What you have to do:
Where the data below begins, start retyping exactly, and end on the line with "Eichenkommode 191 cm", which is included; no picture goes in.

+++ Recorded information

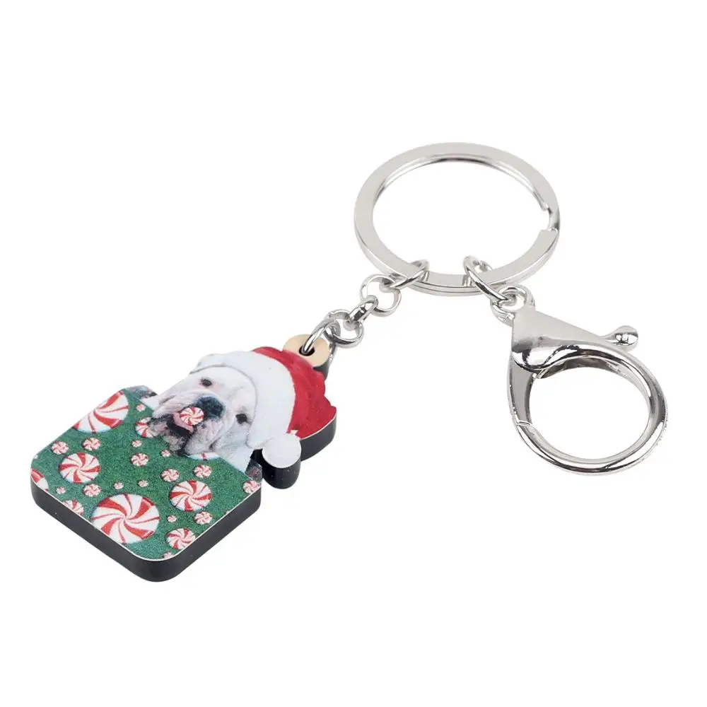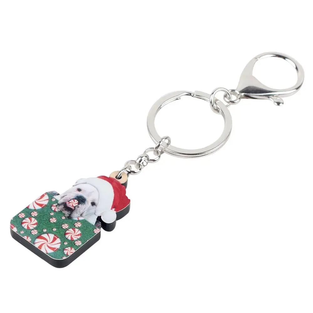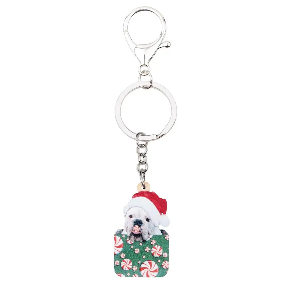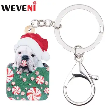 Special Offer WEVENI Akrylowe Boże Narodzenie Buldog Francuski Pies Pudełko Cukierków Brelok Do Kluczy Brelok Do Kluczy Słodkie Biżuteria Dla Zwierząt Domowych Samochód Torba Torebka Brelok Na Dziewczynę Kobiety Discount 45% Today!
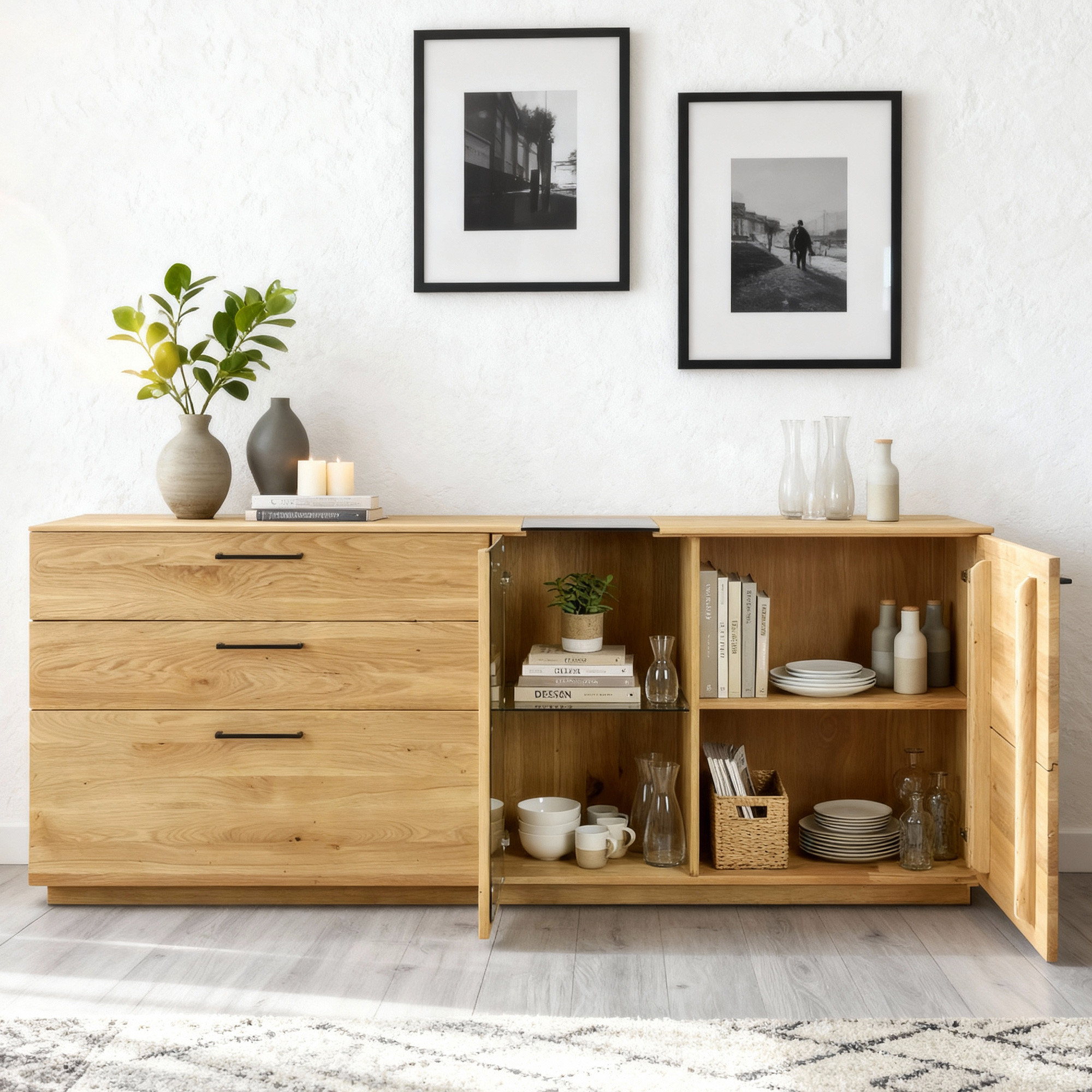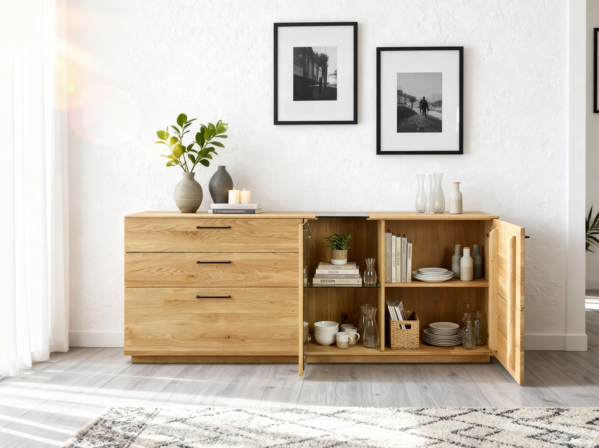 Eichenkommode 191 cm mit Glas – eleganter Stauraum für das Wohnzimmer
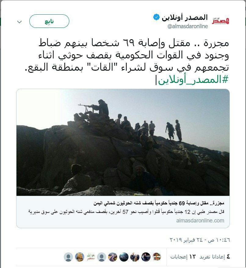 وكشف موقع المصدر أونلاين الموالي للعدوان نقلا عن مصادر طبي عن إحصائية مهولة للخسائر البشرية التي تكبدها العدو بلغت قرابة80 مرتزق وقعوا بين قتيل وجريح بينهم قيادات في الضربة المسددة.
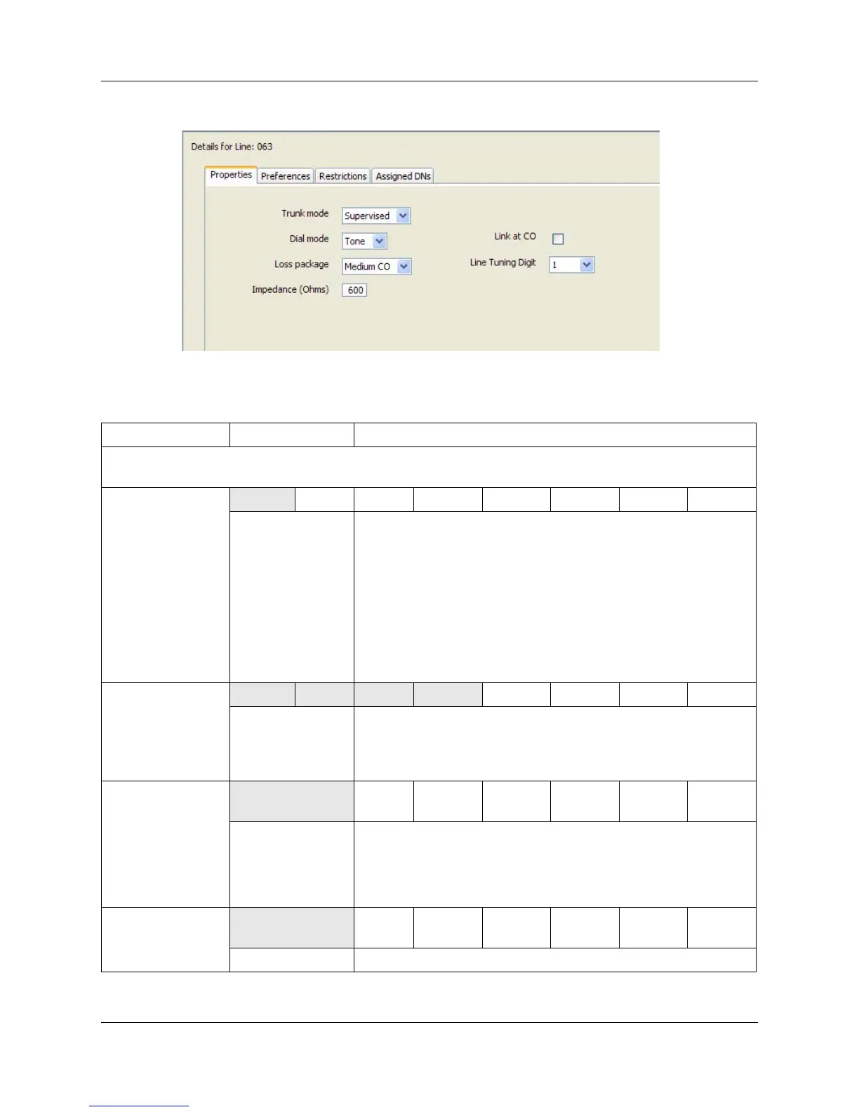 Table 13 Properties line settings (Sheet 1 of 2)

++++++

Exercise solution:
 Special Offer WEVENI Akrylowe Boże Narodzenie Buldog Francuski Pies Pudełko Cukierków Brelok Do Kluczy Brelok Do Kluczy Słodkie Biżuteria Dla Zwierząt Domowych Samochód Torba Torebka Brelok Na Dziewczynę Kobiety Discount 45% Today!
 Eichenkommode 191 cm mit Glas – eleganter Stauraum für das Wohnzimmer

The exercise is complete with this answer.